AVAILABLE RECORDS:
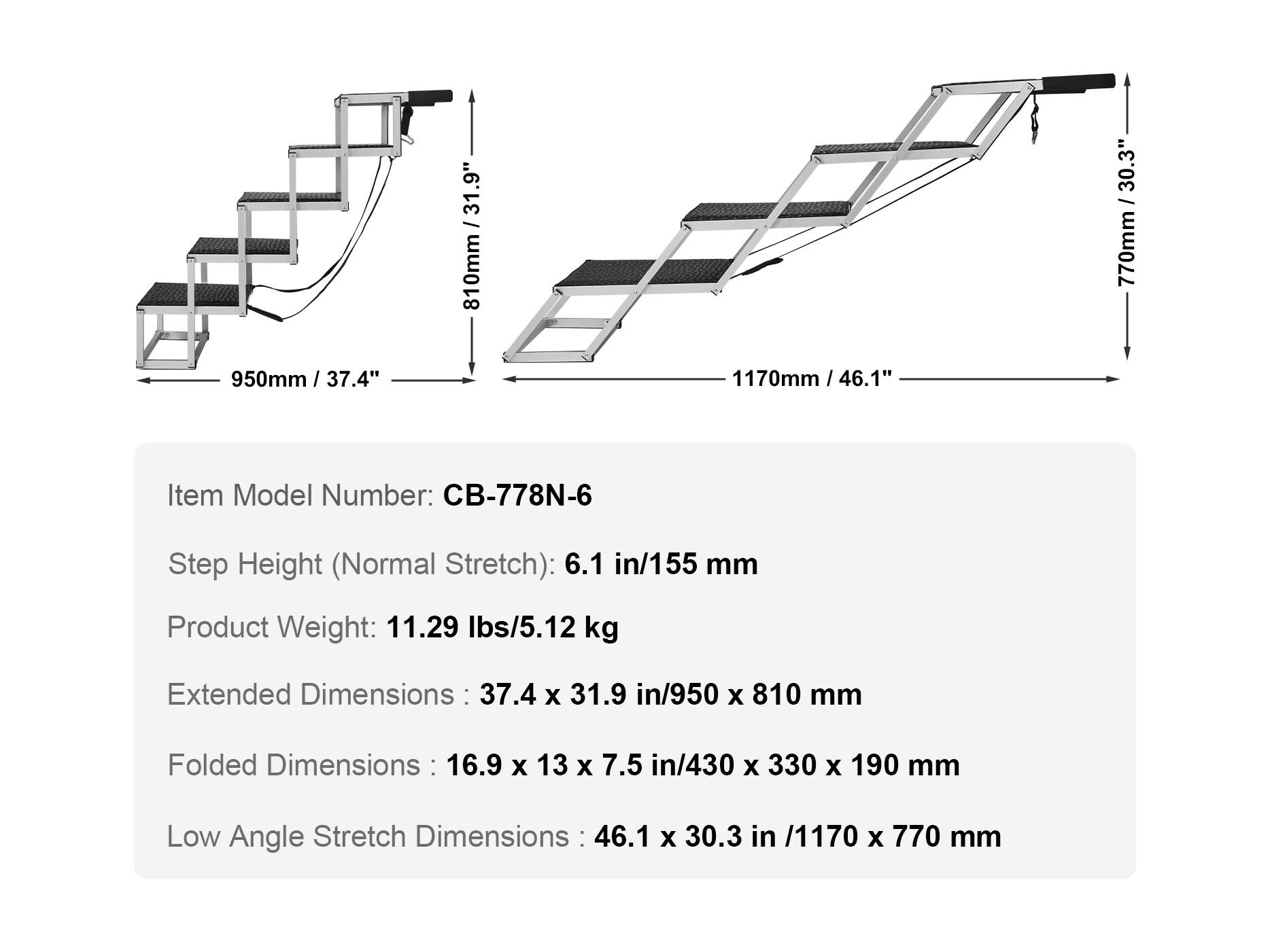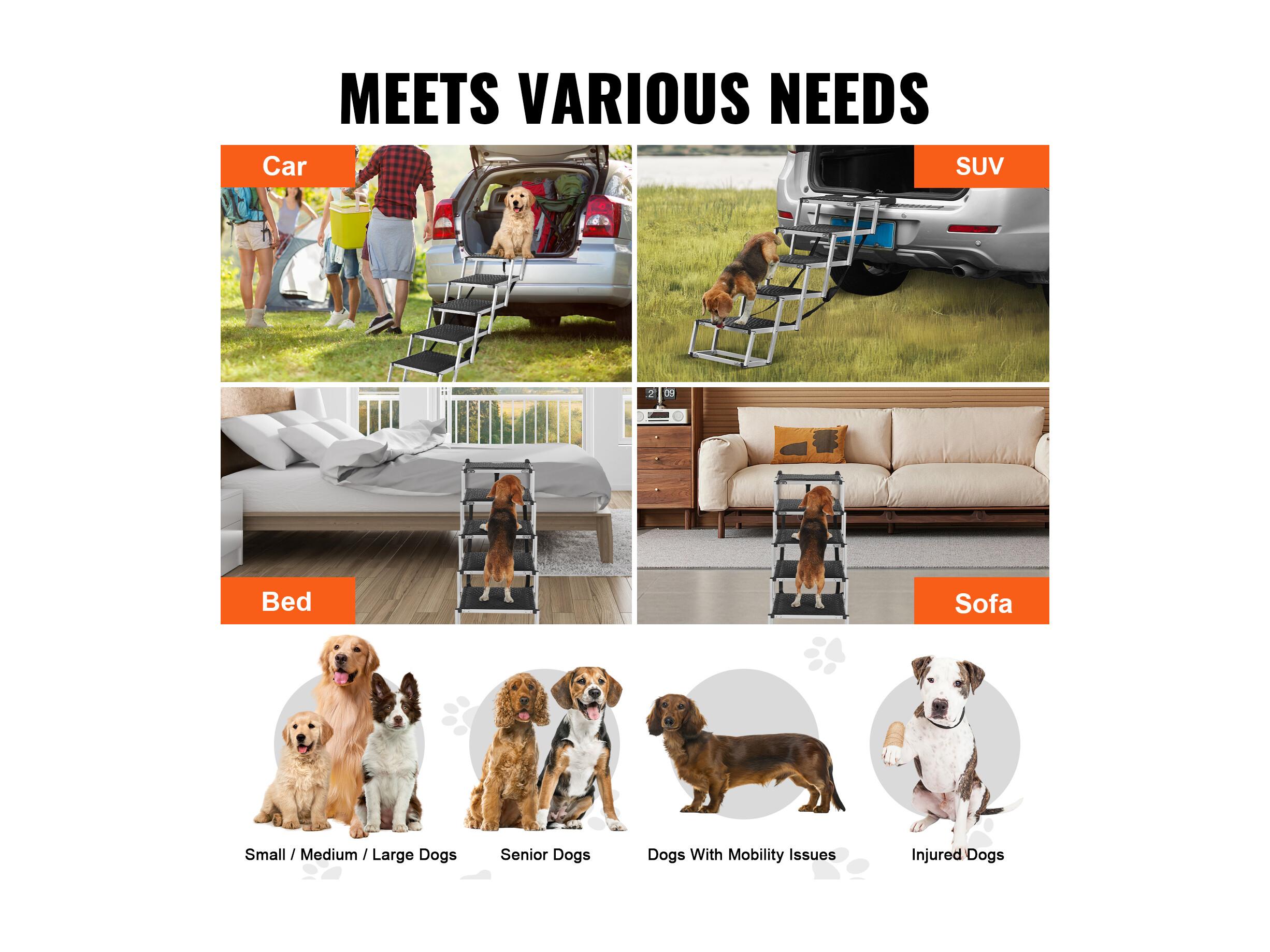 Schody dla Psa, SucceBuy Schody dla Psa do Samochodu 5 Stopni Składane 68 kg Aluminium
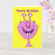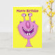 This customisable birthday card template has a cute pink monster with a beard on the front. It says, "Happy Birthday."
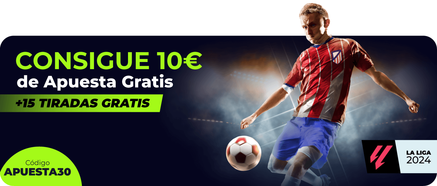 Para participar en esta promoción y recibir una apuesta gratis de 10€, el usuario tendrá que haber hecho un depósito de 30€ o más con el código promocional APUESTA30 y hacer una apuesta en cualquier evento deportivo de La Liga con valor de 30€ durante el período promocional.
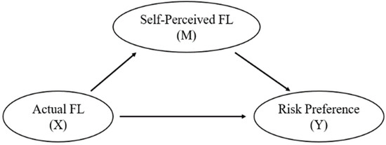 Figure 1 illustrates the triangular mechanism (i.e., the mediation model) through which Actual FL (X) influences Risk Preference (Y) with the mediator Self-Perceived FL (M) (Hayes 2013). We propose a two-equation model (1) and (2) in which Self-Perceived FL (M) is now an endogenous variable predicted by Actual FL (X). The model accounts for the direct effect (), the mediation effect (), and the total effect () of X on Y.
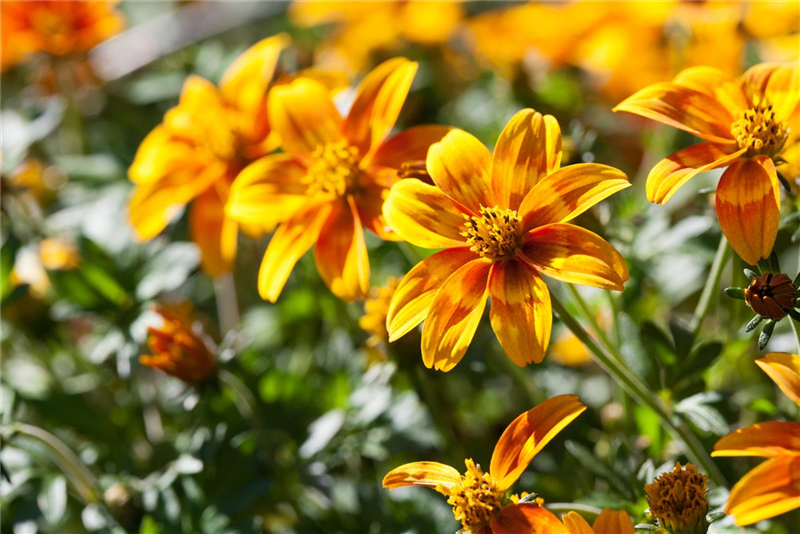 Den Namen Zweizahn hat der Bidens übrigens vom Aussehen der zweizähnigen Samen. Die gelben Blüten der Goldmarie erinnern ein wenig an Margeriten, sind aber deutlich kleiner. Ursprünglich in Nord- und Mittelamerika beheimatet, blüht der Zweizahn von Frühsommer bis Herbst.

TASK GOAL: Every line above should be returned word for word, with the pictures left behind.

COMPLETED EXERCISE:
 Schody dla Psa, SucceBuy Schody dla Psa do Samochodu 5 Stopni Składane 68 kg Aluminium
 This customisable birthday card template has a cute pink monster with a beard on the front. It says, "Happy Birthday."
 Para participar en esta promoción y recibir una apuesta gratis de 10€, el usuario tendrá que haber hecho un depósito de 30€ o más con el código promocional APUESTA30 y hacer una apuesta en cualquier evento deportivo de La Liga con valor de 30€ durante el período promocional.
 Figure 1 illustrates the triangular mechanism (i.e., the mediation model) through which Actual FL (X) influences Risk Preference (Y) with the mediator Self-Perceived FL (M) (Hayes 2013). We propose a two-equation model (1) and (2) in which Self-Perceived FL (M) is now an endogenous variable predicted by Actual FL (X). The model accounts for the direct effect (), the mediation effect (), and the total effect () of X on Y.
 Den Namen Zweizahn hat der Bidens übrigens vom Aussehen der zweizähnigen Samen. Die gelben Blüten der Goldmarie erinnern ein wenig an Margeriten, sind aber deutlich kleiner. Ursprünglich in Nord- und Mittelamerika beheimatet, blüht der Zweizahn von Frühsommer bis Herbst.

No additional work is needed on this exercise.